Task brief: The lines below, from the one holding "كنتي تعانين من" through the one holding "Sudadera de Otoño", are to be restated word for word, with all images left out.

Data extracts:
= = = = = = =

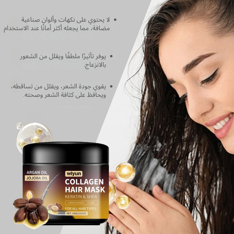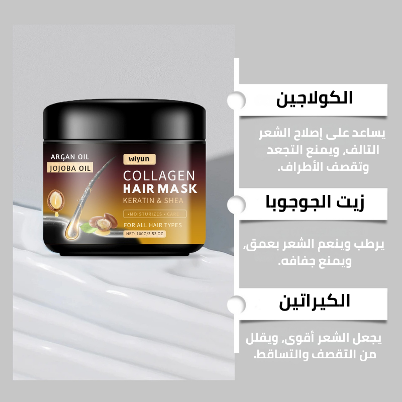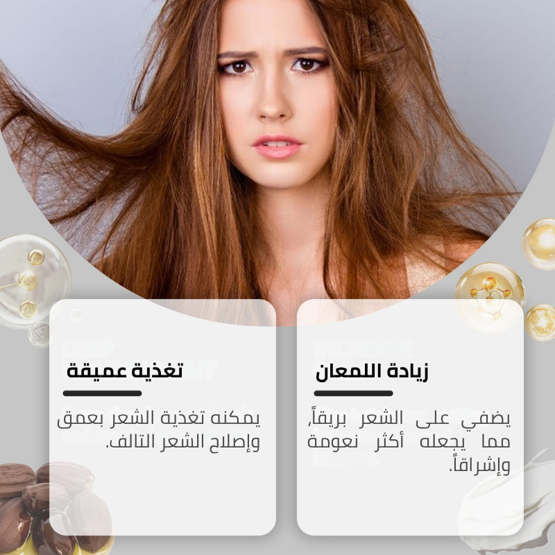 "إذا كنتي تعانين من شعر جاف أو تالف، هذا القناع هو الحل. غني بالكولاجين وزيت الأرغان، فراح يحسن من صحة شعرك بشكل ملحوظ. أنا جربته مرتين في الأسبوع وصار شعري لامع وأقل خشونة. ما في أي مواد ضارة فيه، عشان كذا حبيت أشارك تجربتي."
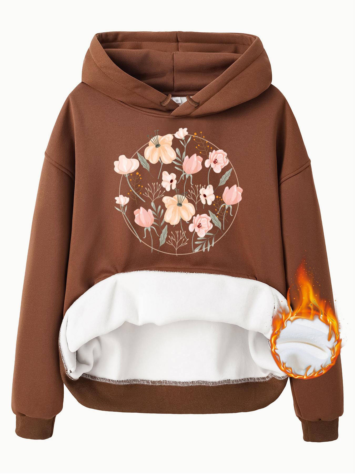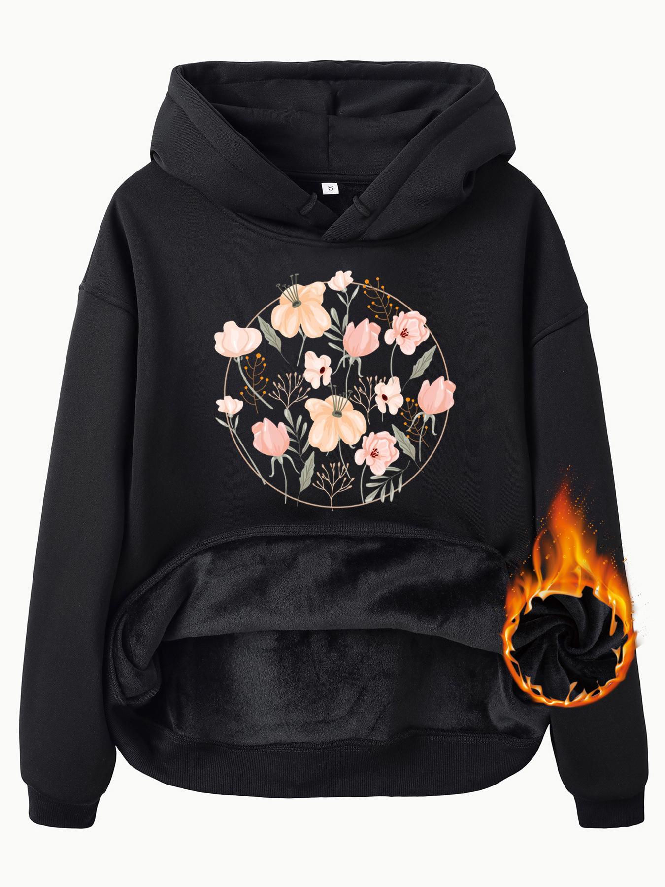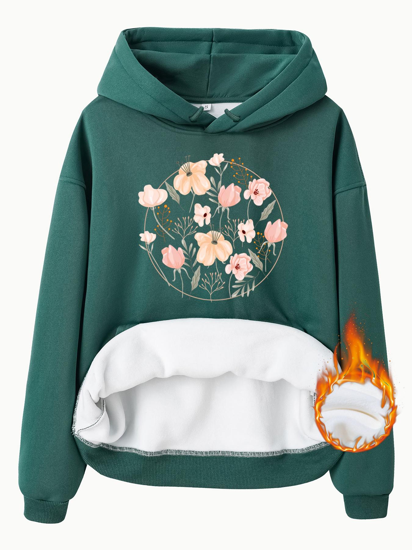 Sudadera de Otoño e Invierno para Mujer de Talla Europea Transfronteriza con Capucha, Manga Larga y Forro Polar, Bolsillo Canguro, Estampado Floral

= = = = = = =

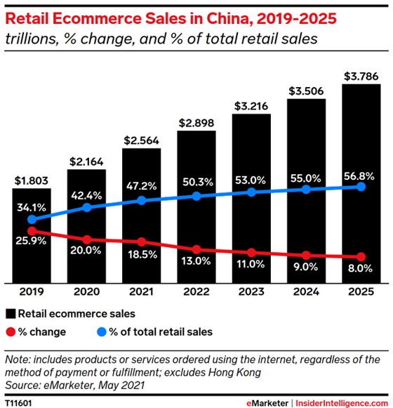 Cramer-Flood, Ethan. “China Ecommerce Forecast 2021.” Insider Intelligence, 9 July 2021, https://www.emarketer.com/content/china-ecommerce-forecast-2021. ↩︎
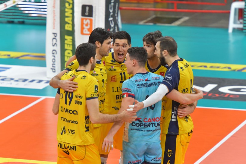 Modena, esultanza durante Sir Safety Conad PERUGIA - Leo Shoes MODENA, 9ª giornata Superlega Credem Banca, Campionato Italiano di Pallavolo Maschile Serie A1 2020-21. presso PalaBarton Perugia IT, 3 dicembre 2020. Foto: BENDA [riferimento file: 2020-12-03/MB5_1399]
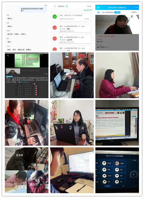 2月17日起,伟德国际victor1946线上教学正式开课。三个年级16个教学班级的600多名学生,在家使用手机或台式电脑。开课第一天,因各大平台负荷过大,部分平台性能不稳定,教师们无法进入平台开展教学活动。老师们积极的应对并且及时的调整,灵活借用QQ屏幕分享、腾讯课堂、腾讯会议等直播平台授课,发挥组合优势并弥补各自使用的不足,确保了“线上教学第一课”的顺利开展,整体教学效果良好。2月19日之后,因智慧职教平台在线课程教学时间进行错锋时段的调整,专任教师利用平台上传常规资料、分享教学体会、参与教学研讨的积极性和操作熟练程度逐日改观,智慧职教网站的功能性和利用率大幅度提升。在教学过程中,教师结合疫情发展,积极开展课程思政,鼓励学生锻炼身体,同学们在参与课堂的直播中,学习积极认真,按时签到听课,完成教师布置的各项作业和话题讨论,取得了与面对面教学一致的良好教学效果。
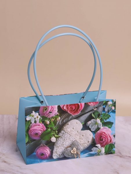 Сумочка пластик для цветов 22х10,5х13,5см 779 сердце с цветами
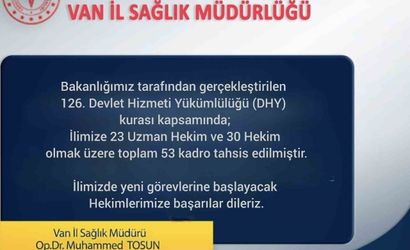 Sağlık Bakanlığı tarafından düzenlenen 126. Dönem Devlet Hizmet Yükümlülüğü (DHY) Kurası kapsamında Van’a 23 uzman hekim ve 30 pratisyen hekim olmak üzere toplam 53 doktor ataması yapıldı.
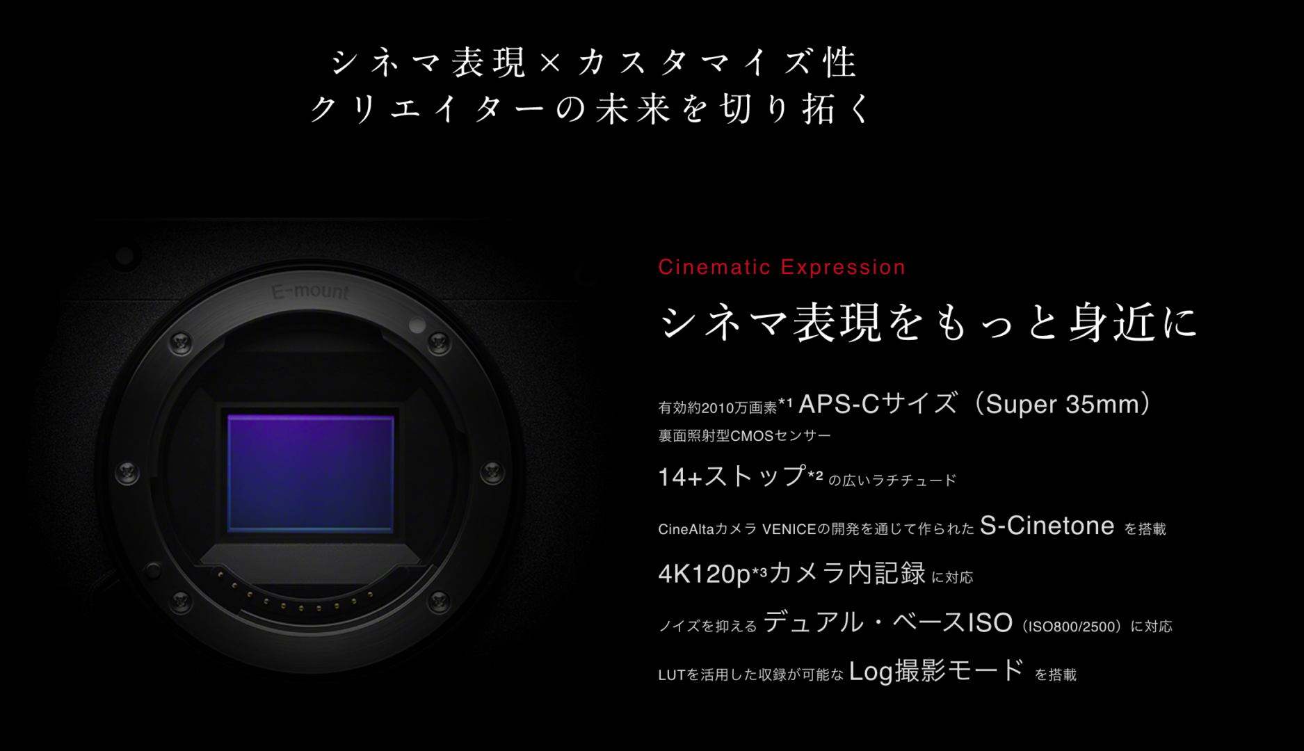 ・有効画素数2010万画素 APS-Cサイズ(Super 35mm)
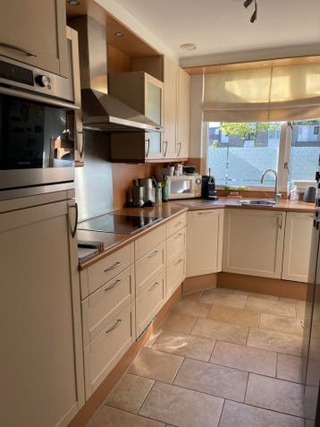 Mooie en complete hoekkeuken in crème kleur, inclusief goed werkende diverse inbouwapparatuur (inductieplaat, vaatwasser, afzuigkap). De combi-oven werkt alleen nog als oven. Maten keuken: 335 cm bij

= = = = = = =

Exercise response:
 "إذا كنتي تعانين من شعر جاف أو تالف، هذا القناع هو الحل. غني بالكولاجين وزيت الأرغان، فراح يحسن من صحة شعرك بشكل ملحوظ. أنا جربته مرتين في الأسبوع وصار شعري لامع وأقل خشونة. ما في أي مواد ضارة فيه، عشان كذا حبيت أشارك تجربتي."
 Sudadera de Otoño e Invierno para Mujer de Talla Europea Transfronteriza con Capucha, Manga Larga y Forro Polar, Bolsillo Canguro, Estampado Floral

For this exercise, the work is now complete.